Over the past four or five years I'd expect to receive one joe-job attack every six months. Over the past two that's risen to once every two months. For the past two months its been once a week.

I run several domains on my Xen guest, and most of those domains rarely have mail received, so there are only a few localparts. (A "localpart" is the bit before the @ sign in an email address.)

My main domain is steve.org.uk and unfortunately this was historically setup with "catchall" behaviour. I used that wildcard expansion pretty seriously so I had localparts such as "slashdot.org", "lwn.net", etc. Over time I've stopped making up new addresses and just stuck with "steve".

Still I'd never quite gotten round to enumerating all valid localparts, instead I tried to mitigate against these rare bounce storms with various simple hacks. For example the following procmail recipe to file away bounces:

#  Bounces
#
:0:
*(Return-Path:).*(<>)
.Automated.bounces/

However this doesn't work as well as it used to - too many idiots people are using challenge/response systems so I'll receive a reply to a mail I didn't send which doesn't look like a bounce (ie. There is a real envelope sender.)

In short blocking bounces by detecting an empty envelope sender is not a complete strategy these days. I started down the heuristic path blocking mail to "unlikely" localparts via patterns such as:

[0-9]@        DENY  Localparts never end in digits
,             DENY  Localparts never contain a comma
|             DENY  Localparts never contain PIPES.
^([^a-zA-Z])  DENY  Localparts start with a-z/A-Z
"             DENY  Quotes are never used in accounts on this system:
'             DENY  Quotes are never used in accounts on this system:

That was actually a simple change to make, via the addition of a new QPSMTPD plugin and it managed to block a lot of the bounceback spam - regardless of the envelope sender. For example:

IP:84.45.254.18    sender:<> Recipient:treacherously9@steve.org.uk
IP:203.202.253.252 sender:<> Recipient:envoyz0@steve.org.uk

Blocking "unlikely" localparts wasn't perfect, but without implementing BATV or enumerating valid localparts there wasn't too much else that I could do. In terms of numbers yesterday I blocked just over 18,500 messages with these six rules.

I also wrote a couple of cronjobs to look at the contents of the Automated.bonces folder so that I could add per-user rejections on the specific addresses being received - with some whitelisting.

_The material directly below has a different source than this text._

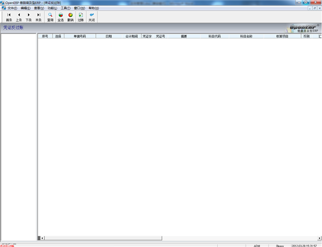 登錄系統後,在左邊的樹(shù)型圖中,找到“總帳系統/憑證處理(lǐ)/憑證反過賬”後雙擊它,進入“憑證反過賬”窗口(見圖35),此文件櫃讀取當前會(huì)計(jì)期間(jiān)已過帳的會(huì)計(jì)憑證數(shù)據,數(shù)據反過帳後在已審核狀态
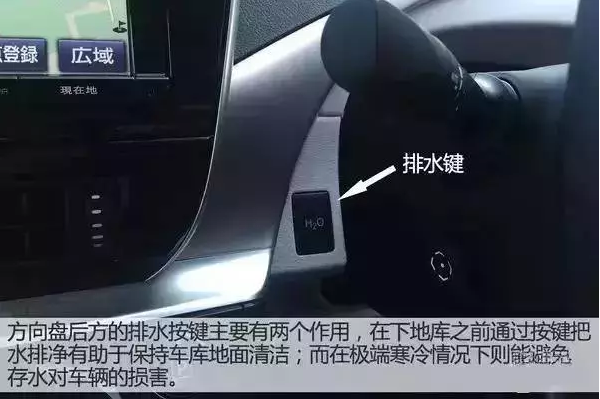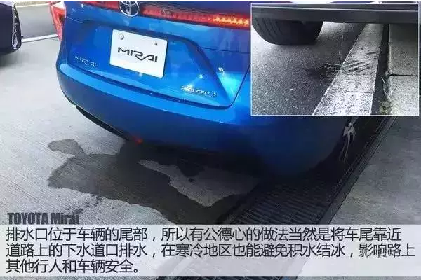 氫燃料通過氧化反應釋放電能后,所產(chǎn)生的排放物是水;那么作為液態(tài)的排放物,解決“排在哪”的問題也就成了工程師們需要考慮的問題之一。在這臺豐田Mirai的車內(nèi)我們看到了一個標著“H2O”字樣的按鍵,按下它便可通過車尾的管路排出水,當然我們也希望看到如果氫燃料能普及,在大街上能出現(xiàn)回收這些水的裝置。

(For example if I received 20+ bounces to fluffy32qp@steve.org.uk within the space of ten minutes I'd drop further mails to that address automatically.)

Anyway enough is enough. Today I woke up to just over 40,000 replies to mails I didn't send. I've now scanned my mail directories for all the email addresses I've ever used and will now only accept mail destined to those localparts.

Thankfully it turned out that since 1999 (when steve.org.uk was registered) I've only used about 150 distinct localparts, and many of those are now obsolete. So hopefully I'll now have less of a problem.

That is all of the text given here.